V. JANVIER, Adjoint Administratif faisant fonction de Greffier.
DÉBATS :
A l’audience publique du 20 novembre 2025
Le Président a, à l’issue des débats, avisé les parties présentes, ou régulièrement représentées, que le jugement serait rendu le 20 JANVIER 2026.
JUGEMENT :
Prononcé publiquement et par mise à disposition au greffe le 20 janvier 2026 par Laurent BROCHARD, Vice-Président, chargé des contentieux de la protection, qui a signé le jugement avec la greffière.
N° RG 25/00641 – N° Portalis DB2M-W-B7J-D4UG
EXPOSÉ DU LITIGE
Par contrat de location en date du 1er avril 2010, la société civile immobilière ATY a donné à bail à Monsieur, [X], [E] un logement situé, [Adresse 3], moyennant le paiement à terme à échoir d’un loyer mensuel révisable de 300 euros.
Par acte de commissaire de justice délivré à personne le 24 juillet 2024 puis le 28 août 2025 à personne, la société civile immobilière ATY a fait assigner Monsieur, [X], [E], au bénéfice de l’exécution provisoire de plein droit en :
— prononcé de la résiliation du contrat de bail,
— expulsion du locataire et de tout occupant de son chef, si besoin est avec le concours de la force publique et d’un serrurier, conformément aux dispositions des articles L.411-1, L.412-1, L.412-2 et suivants et L.433-1 et suivants du code des procédures civiles d’exécution,
— paiement de la somme de 6.697,45 euros, au titre des loyers et charges échus impayés selon décompte arrêté au 11 octobre 2024, outre les intérêts légaux à compter de la date de l’assignation,
— paiement d’une indemnité d’occupation mensuelle égale au montant du loyer révisé à compter du 12 octobre 2024 jusqu’à complète libération des lieux,
— paiement d’une somme de 800 euros au titre de l’article 700 du code de procédure civile, avec intérêts aux taux légal à compter du jugement à intervenir,
et condamnation du défendeur aux dépens.
La société civile immobilière ATY et Monsieur, [X], [E] ont été initialement convoqués sur l’initiative du greffe, par lettre recommandée avec demande d’avis de réception, à l’audience du 17 avril 2025. La société civile immobilière ATY n’a pas comparu et ne s’est pas fait représenter. Le juge des contentieux de la protection, statuant publiquement, a déclaré la citation caduque et constaté l’extinction de l’instance.
Par courrier électronique reçu le 22 mai 2025, la société civile immobilière ATY a sollicité le relevé de la caducité. La déclaration de caducité a été rapportée conformément à l’article 468 du code de procédure civile.

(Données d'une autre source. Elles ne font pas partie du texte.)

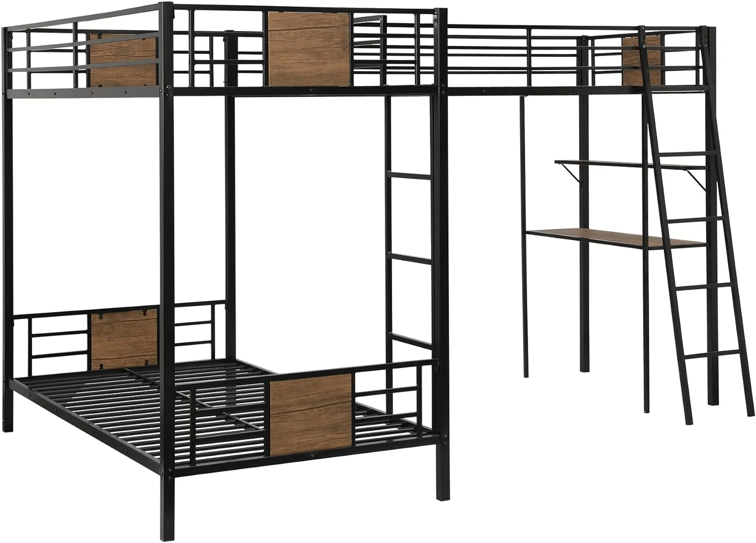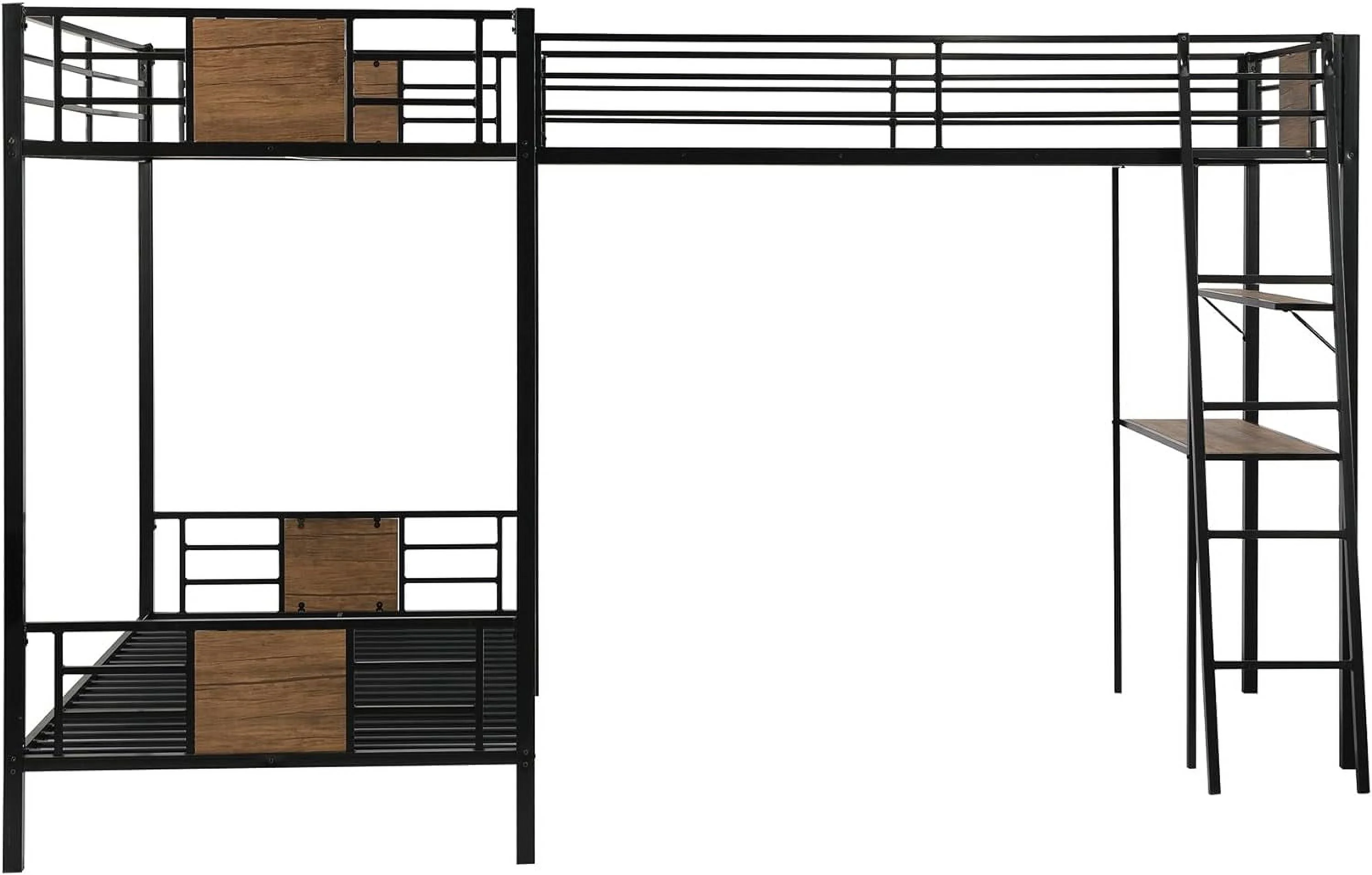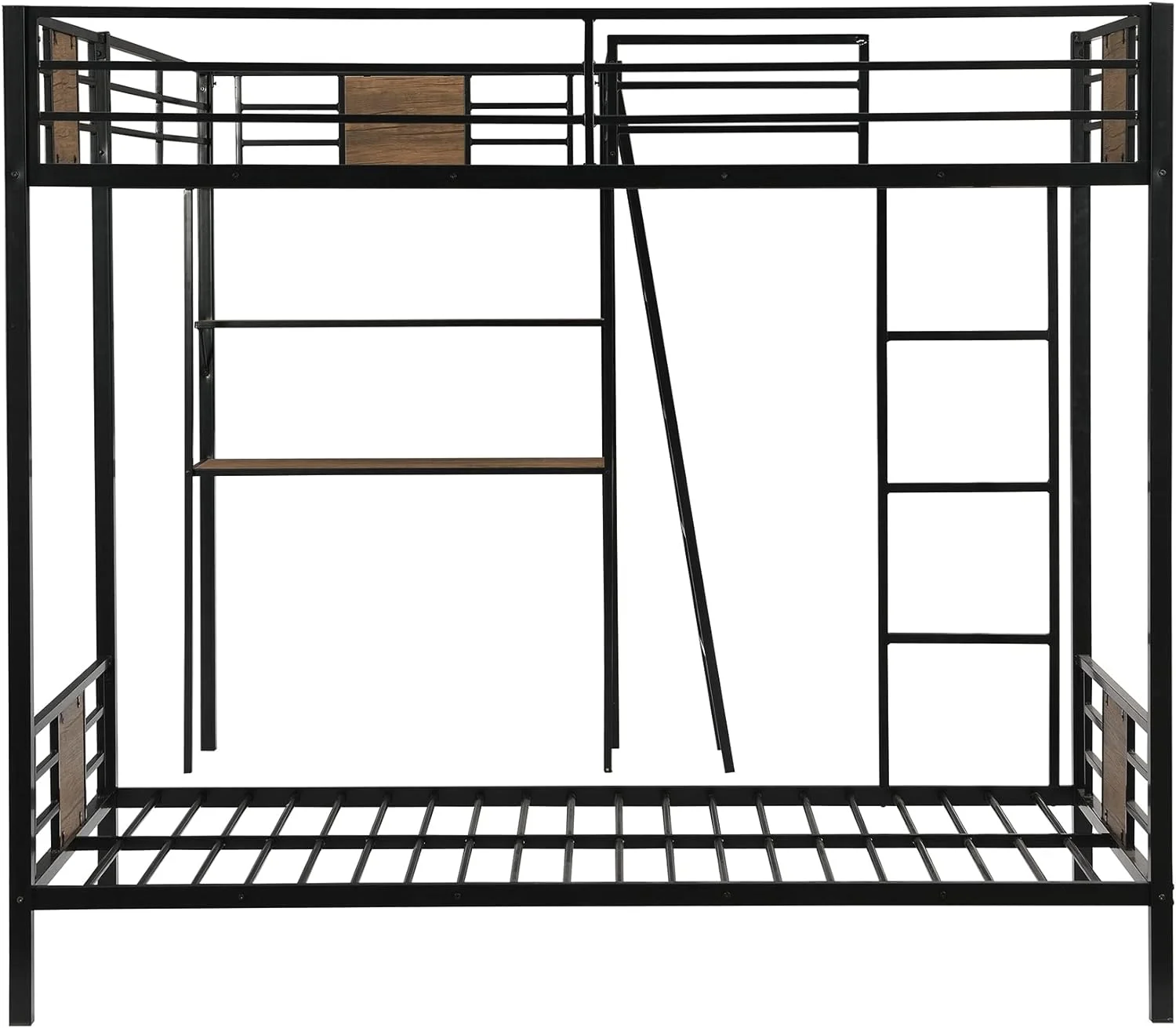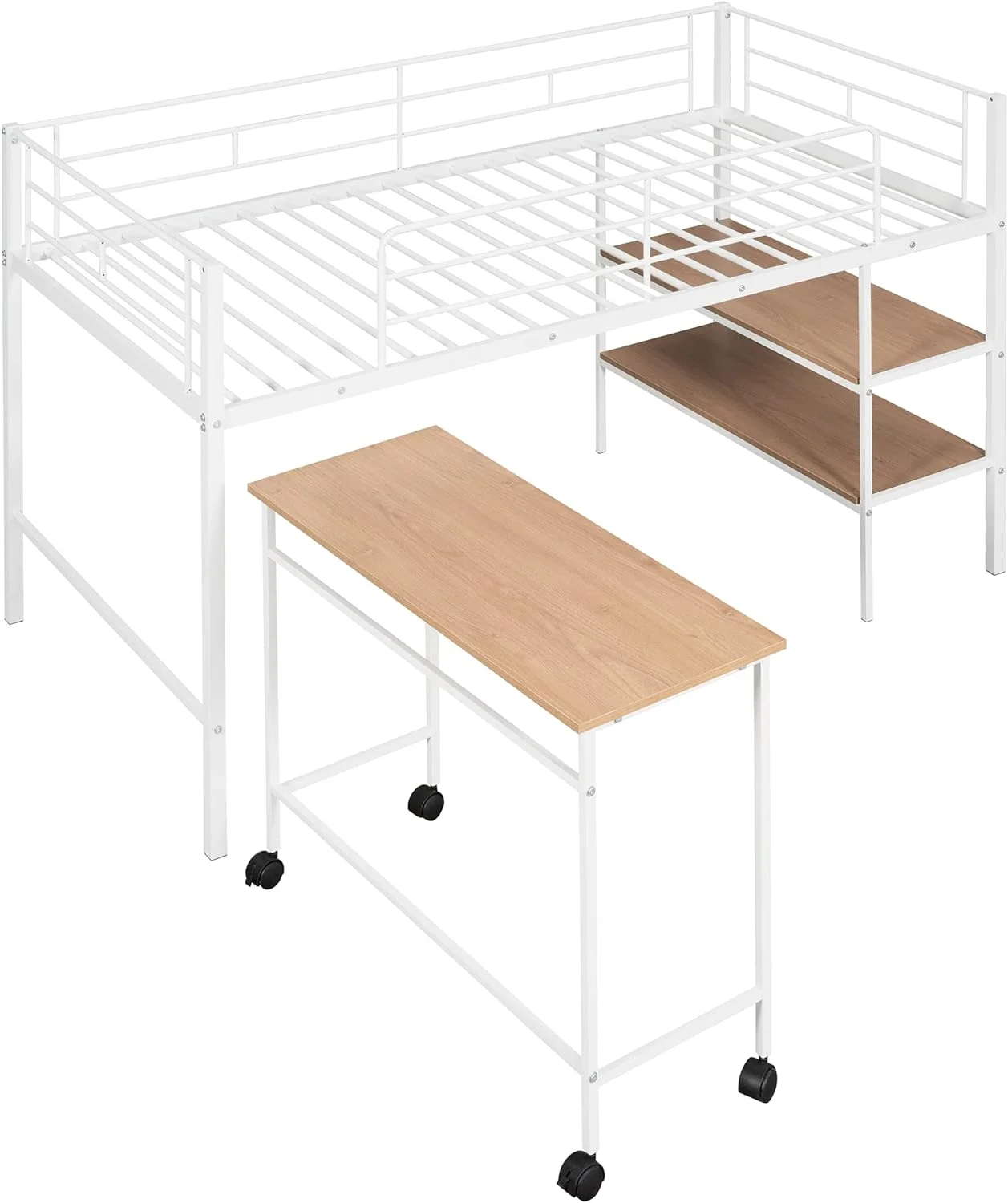 Metal Buk Bed With Rollig Desk, Ladder, Ad 2 Shelves, Size Buk Bed Space-Savig Loft Bed For Boys & Girls Tees

La société civile immobilière ATY et Monsieur, [X], [E] ont été convoqués sur l’initiative du greffe, par lettre recommandée avec demande d’avis de réception, à une nouvelle audience le 18 septembre 2025. La convocation adressée à Monsieur, [X], [E] a été retournée au secrétariat greffe du tribunal. La société civile immobilière ATY a procédé à la citation de Monsieur, [X], [E] par acte de commissaire de justice le 28 août 2025.
L’affaire a été renvoyée à l’audience du 20 novembre 2025.
A l’audience du 20 novembre 2025, la société civile immobilière ATY a comparu, représentée par Monsieur, [O], [L] et Monsieur, [C], [S], ses gérants. Elle a maintenu oralement ses demandes en sollicitant notamment le paiement de sa créance actualisée d’un montant de 8.277,74 euros, terme de novembre 2025 inclus.
Monsieur, [X], [E] a comparu. Il a reconnu le principe et le montant de la dette, tout en indiquant avoir pris contact avec une assistante sociale.
MOTIFS DE LA DÉCISION
Sur la recevabilité
Conformément à l’article 24 de la loi du 06 juillet 1989 pris dans sa rédaction antérieure à la loi du 27 juillet 2023, l’assignation aux fins de constat de la résiliation du bail a été notifiée, à la diligence de l’Huissier de Justice, à la Préfecture par lettre recommandée du 12 février 2025, soit deux mois avant l’audience.
Par application de l’article 24 II de la loi du 6 juillet 1989 issu de la loi ALUR du 24 mars 2014, à compter du 1er janvier 2015, les bailleurs personnes morales, autres que les sociétés civiles constituées exclusivement entre parents et alliés jusqu’au quatrième degré inclus ne peuvent faire délivrer sous peine d’irrecevabilité une assignation aux fins de constat de résiliation du bail avant l’expiration d’un délai de deux mois suivant la saisine de la commission de coordination des actions de prévention des expulsions locatives prévue à l’article 7-2 de la loi du 31 mai 1990 ; cette saisine est réputée constituée lorsque persiste une situation d’impayés, préalablement signalée dans les conditions réglementaires aux organismes payeurs des aides au logement en vue d’assurer le maintien du versement des aides mentionnées à l’article L351-2 du code de la construction et de l’habitation ainsi qu’ aux articles L542-1 et L831-1 du code de la sécurité sociale.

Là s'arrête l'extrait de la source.